USER:Hello, Please Introduce yourself.
ASSISTANT:!!!!!!!!!!!!!!!!!!!!!!!!!!!!!!!!!!!!!!!!

[{'role': 'system', 'content': 'You are a helpful assistant.'}, {'role': 'user', 'content': 'Hello, Please Introduce yourself.'}, {'role': 'assistant', 'content': '!!!!!!!!!!!!!!!!!!!!!!!!!!!!!!!!!!!!!!!!'}]

I also tried to add the template manually. Is the template right?

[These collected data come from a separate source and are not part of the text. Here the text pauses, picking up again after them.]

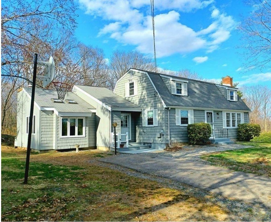
195 Turner Rd Sale Price = 519,900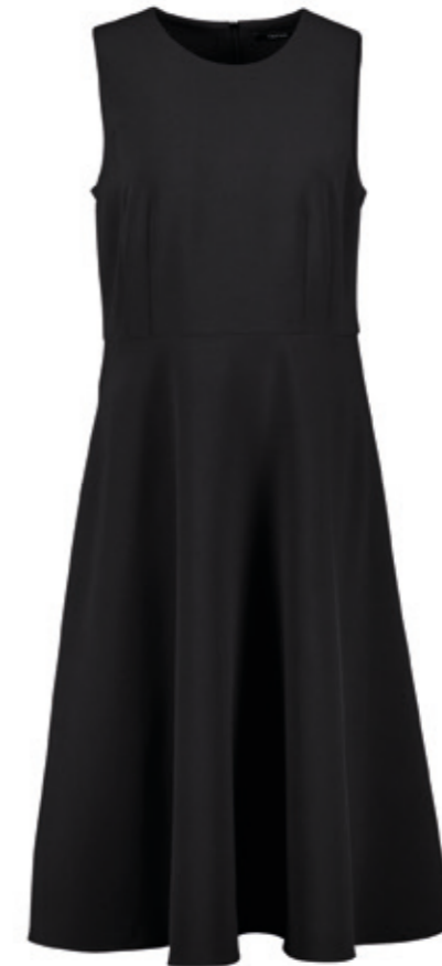
DRESS 980967 19899 1100 95 % PES, 5 % EL € 119,99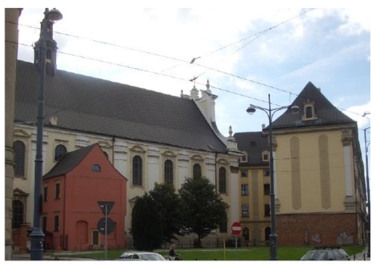
Figure 2: Ulica Grodzka, Wrocław. The Renaissance remains of the royal castle were painted red during the recent refurbishment, a hue linked to the refurbishment at the turn of the 19th and 20th centuries (Photo by the author, 2012).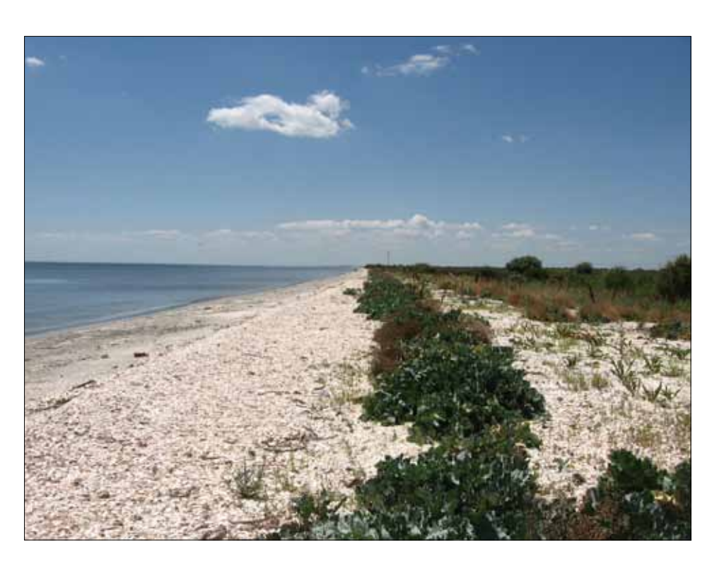
The pristine coastal zone of the Danube Delta bordered by beaches with a rich variety of natural resources, lakes such as Lake Razelm and Golovita and with a few coastal settlements such as Sulina and Sf Gheorghe. (photo: C. Coman)

(source: Romanian ICZM Strategy - Outline, 2005)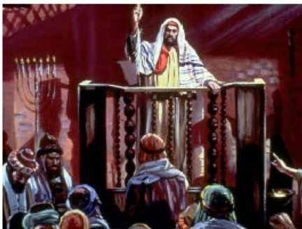
Paul commended the Bereans for searching the Bible every day.

These were more fair-minded than those in Thessalonica, in that they received the word with all readiness, and SEARCHED THE SCRIPTURES DAILY to find out whether these things were so.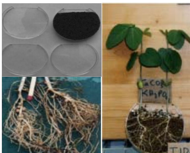
Fig. 1. A rhizotron filled with soil and the lid (left, above); the entire excised nodulated roots (left, bottom); and rhizotron with soybean plants (right).

Many plants can be grown in a limited space, in a relatively short time (less than 3 weeks). And what is more important, the results obtained in rhizotrons are in good agreement with comparable field experiments.

# python -m sglang.launch_server --model-path /data/images/llms/huggingface/hub/models--Qwen--Qwen2-1.5B-Instruct/snapshots/ba1cf1846d7df0a0591d6c00649f57e798519da8 --port 5000 --trust-remote-code --tp-size 1 2>&1 | tee sglang.log
# python -m sglang.launch_server --model-path /data/images/llms/huggingface/hub/models--Qwen--Qwen2-1.5B-Instruct/snapshots/ba1cf1846d7df0a0591d6c00649f57e798519da8 --port 5000 --trust-remote-code --tp-size 1 --attention-reduce-in-fp32 2>&1 | tee sglang.log
# both not work

import sglang as sgl

@sgl.function
def sglang_build_qwen_prompt(s, question):
    # s += sgl.system("You are a helpful assistant.")
    # s += sgl.user(question)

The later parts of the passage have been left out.